Is he 3 or 3.5? I ask because there are some things that happen at 3.5 developmentally that might be in play.

Quote:
Right before I had the baby
This is a game changer for young children. Most children regress in the area of the last thing they learned, or the biggest thing they most recently accomplished in development. What have you done to address the anxiety and normal reactions that often come with adding a new baby to the family?

Quote:
he started having accidents that turned out not be accidents.
Not being accidents doesn't mean he was doing something "on purpose" with adult intentions. Doing something on purpose for a 3yo is more often lack of impulse control, trying to express emotions and concerns without a mastery of language and communication skills mature enough to communicate them.

Quote:
Now, he is peeing on the floor at least twice a day on purpose. For a time he was deliberately peeing all over his brothers and his beds and pillows.
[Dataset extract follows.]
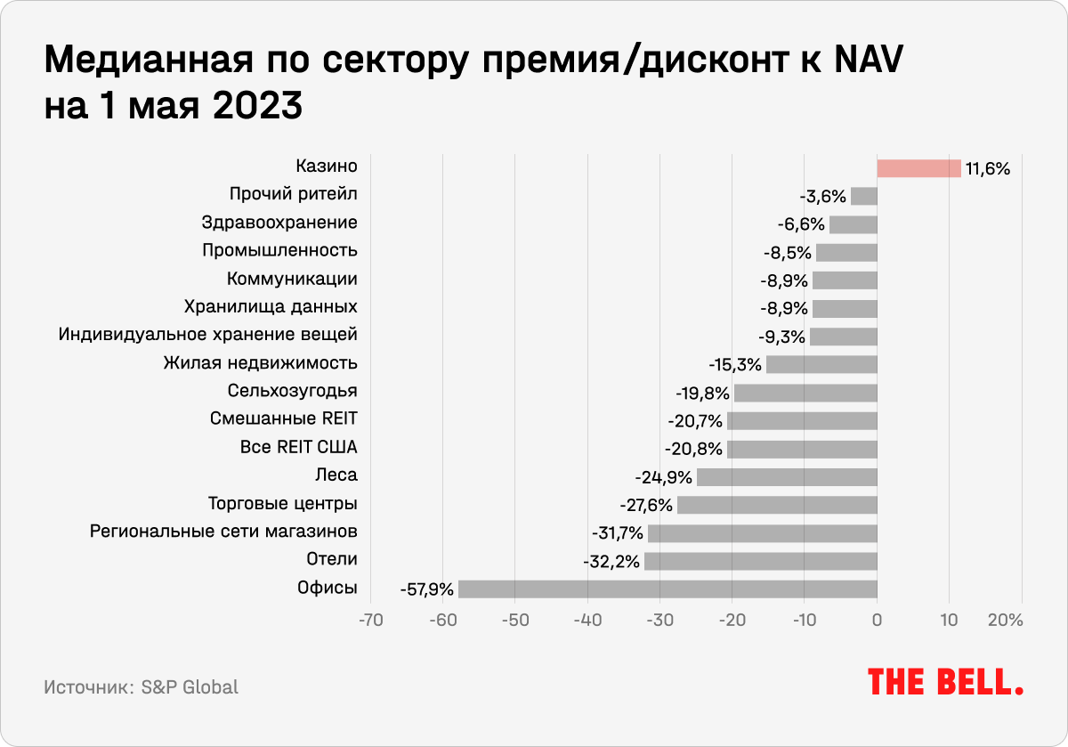 Казино — единственный сектор, который торговался с премией к цене, — на 11,6%. Их помещения довольно специфичны, поэтому аренда оформляется долгосрочными контрактами. Кроме того, после пандемии наблюдается высокий отложенный спрос.

I have him clean it up and remind him pee goes in the potty. If I catch him I make him go into the bathroom but he will keep going until I get to him.
This means he is trying to tell you something. It may be that he is feeling unloved or pushed aside for the new baby. With each of my children I take them aside alone and ask them if they love the baby, and hate the baby, if they are happy the baby is there, and want the baby to go away - and that these feelings are all normal and they are still loved and a very important part of our family. I also make a point to baby them - wrap them in a towel after bath and rock them, talk to them about when they were a baby (especially while doing things that I am doing for the baby - like "when you were a baby I did this for you. I would lift your feet and tickle your belly . . . " whatever).


Quote:
Today I told him nicely, Abd did my best not to shame him, that pee goes in the potty.
He won't be able to respond to reasoning because he hasn't developed reasoning skills yet It's good that you didn't shame him It's just that talking with him about this won't *fix* it.

Quote:
That it seems he doesn't want to use the potty. I can't let him keep peeing on the floor and that if it happened again he was showing me he wanted to be back in a diaper. He said "I can't wear diapers" and I said he didn't need to because he can go in the potty, that peeing on the floor would show me he needed his diapers back.
What did he mean by "I can't wear diapers"? Is this something you had told him before? If you talked with him about him not being a baby and not wearing diapers he might be trying to communicate that he wants to be a baby. It might not be a developed and intentional plan, but that might be the message.


Quote:
Do you think I handled it ok? I am so tired of wet spots and finding pee everywhere!
What you did, yes? I insist on diapers/pull ups for children who are not developmentally ready to be out of them - and for children who are showing a lack of maturity. I don't like cleaning up pee off my floor so that's my boundary.

Quote:
I realize this is an attention thing. I am doing my best to give him quality time and connection.
You are totally right - but it also may be more than that. His behavior definitely is trying to communicate with you.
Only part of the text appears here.